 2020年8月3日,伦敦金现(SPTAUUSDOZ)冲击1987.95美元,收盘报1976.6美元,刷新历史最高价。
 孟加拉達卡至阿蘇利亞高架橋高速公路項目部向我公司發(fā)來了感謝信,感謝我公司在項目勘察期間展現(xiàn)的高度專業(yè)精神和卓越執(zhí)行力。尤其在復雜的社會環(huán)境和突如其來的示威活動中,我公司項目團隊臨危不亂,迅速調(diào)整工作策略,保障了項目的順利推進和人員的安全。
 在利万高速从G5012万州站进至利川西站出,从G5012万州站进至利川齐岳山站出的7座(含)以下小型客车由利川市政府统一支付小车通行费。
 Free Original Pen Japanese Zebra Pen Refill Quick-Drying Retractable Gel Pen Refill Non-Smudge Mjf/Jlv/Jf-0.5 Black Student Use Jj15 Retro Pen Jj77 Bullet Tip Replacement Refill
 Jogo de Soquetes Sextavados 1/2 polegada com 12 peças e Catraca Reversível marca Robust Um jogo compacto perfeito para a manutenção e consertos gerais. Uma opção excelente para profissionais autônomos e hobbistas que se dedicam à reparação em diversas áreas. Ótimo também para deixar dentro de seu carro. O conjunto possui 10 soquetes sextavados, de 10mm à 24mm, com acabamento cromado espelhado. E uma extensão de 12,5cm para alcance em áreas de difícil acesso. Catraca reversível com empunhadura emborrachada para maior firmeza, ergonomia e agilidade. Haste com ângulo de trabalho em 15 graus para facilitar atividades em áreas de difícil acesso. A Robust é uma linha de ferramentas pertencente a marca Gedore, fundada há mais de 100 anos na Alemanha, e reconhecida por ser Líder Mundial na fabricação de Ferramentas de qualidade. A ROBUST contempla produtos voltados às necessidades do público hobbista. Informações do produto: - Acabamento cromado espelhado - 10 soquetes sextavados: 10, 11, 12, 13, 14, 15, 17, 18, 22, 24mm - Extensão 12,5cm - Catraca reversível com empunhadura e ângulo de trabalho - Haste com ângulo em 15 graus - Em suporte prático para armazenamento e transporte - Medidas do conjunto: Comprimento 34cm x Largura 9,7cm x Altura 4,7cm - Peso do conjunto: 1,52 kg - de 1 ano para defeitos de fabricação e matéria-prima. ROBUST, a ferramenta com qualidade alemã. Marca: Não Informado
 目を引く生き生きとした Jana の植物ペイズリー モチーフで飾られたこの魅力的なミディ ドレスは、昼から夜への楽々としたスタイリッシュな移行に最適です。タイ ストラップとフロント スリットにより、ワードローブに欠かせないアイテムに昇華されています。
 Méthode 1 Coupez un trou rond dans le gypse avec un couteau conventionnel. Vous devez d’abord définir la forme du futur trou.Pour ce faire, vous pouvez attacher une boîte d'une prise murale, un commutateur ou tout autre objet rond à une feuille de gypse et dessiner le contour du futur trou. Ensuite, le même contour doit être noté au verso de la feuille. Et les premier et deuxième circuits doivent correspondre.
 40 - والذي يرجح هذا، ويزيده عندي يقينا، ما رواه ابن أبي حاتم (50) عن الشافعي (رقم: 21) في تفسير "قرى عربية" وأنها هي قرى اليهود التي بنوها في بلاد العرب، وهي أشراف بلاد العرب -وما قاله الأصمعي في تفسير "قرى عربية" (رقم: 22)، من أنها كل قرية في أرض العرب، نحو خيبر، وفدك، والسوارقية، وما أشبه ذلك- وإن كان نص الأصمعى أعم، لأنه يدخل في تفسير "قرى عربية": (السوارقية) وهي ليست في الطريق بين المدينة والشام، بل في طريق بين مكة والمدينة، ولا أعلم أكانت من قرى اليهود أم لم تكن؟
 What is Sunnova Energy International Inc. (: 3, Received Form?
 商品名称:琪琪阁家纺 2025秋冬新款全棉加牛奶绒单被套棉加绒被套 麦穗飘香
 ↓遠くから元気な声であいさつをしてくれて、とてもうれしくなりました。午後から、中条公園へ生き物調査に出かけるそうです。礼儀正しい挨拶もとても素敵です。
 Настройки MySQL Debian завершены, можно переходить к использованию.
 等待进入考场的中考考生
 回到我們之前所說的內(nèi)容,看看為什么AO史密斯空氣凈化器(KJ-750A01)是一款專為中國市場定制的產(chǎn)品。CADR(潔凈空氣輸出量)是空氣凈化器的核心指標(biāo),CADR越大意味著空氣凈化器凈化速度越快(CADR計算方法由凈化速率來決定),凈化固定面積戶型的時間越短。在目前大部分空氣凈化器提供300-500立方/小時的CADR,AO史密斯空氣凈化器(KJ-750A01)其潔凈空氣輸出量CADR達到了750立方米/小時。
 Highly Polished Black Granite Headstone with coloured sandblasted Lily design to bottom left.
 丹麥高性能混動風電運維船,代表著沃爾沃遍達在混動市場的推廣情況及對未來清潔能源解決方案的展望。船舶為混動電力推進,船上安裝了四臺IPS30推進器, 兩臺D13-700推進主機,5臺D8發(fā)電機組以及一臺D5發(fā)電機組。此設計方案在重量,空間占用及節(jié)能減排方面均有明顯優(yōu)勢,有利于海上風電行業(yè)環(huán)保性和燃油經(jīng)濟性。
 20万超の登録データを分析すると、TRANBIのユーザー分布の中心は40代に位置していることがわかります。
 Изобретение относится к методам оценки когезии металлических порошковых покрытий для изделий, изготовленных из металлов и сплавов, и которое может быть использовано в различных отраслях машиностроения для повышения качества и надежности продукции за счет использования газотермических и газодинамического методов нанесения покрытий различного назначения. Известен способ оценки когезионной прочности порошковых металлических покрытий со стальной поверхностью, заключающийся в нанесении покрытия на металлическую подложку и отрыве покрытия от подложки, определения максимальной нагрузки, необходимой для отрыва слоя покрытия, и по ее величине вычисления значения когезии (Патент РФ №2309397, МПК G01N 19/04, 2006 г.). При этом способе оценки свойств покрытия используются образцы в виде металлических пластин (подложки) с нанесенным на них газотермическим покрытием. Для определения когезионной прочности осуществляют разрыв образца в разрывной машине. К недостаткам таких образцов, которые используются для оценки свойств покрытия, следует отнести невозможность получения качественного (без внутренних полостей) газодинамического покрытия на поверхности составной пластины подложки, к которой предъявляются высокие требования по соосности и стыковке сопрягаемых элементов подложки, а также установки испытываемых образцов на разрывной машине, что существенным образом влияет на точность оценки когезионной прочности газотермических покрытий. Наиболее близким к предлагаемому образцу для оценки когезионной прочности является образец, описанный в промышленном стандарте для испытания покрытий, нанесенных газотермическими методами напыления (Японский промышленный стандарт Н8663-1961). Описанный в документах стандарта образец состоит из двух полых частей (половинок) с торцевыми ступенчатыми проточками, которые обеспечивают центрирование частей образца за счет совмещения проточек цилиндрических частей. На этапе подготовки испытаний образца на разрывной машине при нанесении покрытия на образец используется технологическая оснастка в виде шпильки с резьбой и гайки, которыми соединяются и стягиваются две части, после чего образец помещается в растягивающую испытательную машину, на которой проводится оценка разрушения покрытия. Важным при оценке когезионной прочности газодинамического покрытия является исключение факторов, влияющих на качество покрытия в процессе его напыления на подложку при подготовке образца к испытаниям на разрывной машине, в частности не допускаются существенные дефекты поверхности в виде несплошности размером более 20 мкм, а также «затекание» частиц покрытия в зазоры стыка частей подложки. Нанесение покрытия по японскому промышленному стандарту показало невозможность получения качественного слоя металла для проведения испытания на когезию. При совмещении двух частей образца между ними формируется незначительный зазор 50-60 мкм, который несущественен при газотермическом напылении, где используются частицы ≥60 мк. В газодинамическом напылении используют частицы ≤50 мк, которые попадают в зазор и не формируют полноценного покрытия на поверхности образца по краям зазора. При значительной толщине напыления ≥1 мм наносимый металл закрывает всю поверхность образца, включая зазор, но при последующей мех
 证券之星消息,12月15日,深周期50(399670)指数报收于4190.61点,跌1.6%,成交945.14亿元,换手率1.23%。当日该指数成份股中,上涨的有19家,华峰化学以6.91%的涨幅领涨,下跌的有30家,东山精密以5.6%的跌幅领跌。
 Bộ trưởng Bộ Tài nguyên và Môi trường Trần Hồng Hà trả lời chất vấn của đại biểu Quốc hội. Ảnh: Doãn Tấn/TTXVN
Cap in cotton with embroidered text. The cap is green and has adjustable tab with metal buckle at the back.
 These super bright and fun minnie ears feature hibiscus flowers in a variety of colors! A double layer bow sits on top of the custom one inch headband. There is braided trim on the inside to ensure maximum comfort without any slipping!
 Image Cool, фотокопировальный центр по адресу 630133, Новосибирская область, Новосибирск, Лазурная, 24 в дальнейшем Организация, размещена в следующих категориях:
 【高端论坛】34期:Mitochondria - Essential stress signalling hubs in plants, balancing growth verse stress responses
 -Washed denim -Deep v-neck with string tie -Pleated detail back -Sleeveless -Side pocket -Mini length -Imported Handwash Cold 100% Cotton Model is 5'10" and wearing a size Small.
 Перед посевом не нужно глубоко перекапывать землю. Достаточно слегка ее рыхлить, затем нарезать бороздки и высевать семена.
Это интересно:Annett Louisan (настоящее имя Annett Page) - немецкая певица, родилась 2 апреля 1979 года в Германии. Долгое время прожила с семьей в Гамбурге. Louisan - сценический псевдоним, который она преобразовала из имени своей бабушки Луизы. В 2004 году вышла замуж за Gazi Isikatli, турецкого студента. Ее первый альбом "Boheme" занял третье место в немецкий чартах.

#####

#### [ASSIGNMENT]
Only the lines from the start of the material through the line bearing "孟加拉達卡至阿蘇利亞高架橋高" are needed, restated exactly, with both end lines included.

#### [ANSWER]
 2020年8月3日,伦敦金现(SPTAUUSDOZ)冲击1987.95美元,收盘报1976.6美元,刷新历史最高价。
 孟加拉達卡至阿蘇利亞高架橋高速公路項目部向我公司發(fā)來了感謝信,感謝我公司在項目勘察期間展現(xiàn)的高度專業(yè)精神和卓越執(zhí)行力。尤其在復雜的社會環(huán)境和突如其來的示威活動中,我公司項目團隊臨危不亂,迅速調(diào)整工作策略,保障了項目的順利推進和人員的安全。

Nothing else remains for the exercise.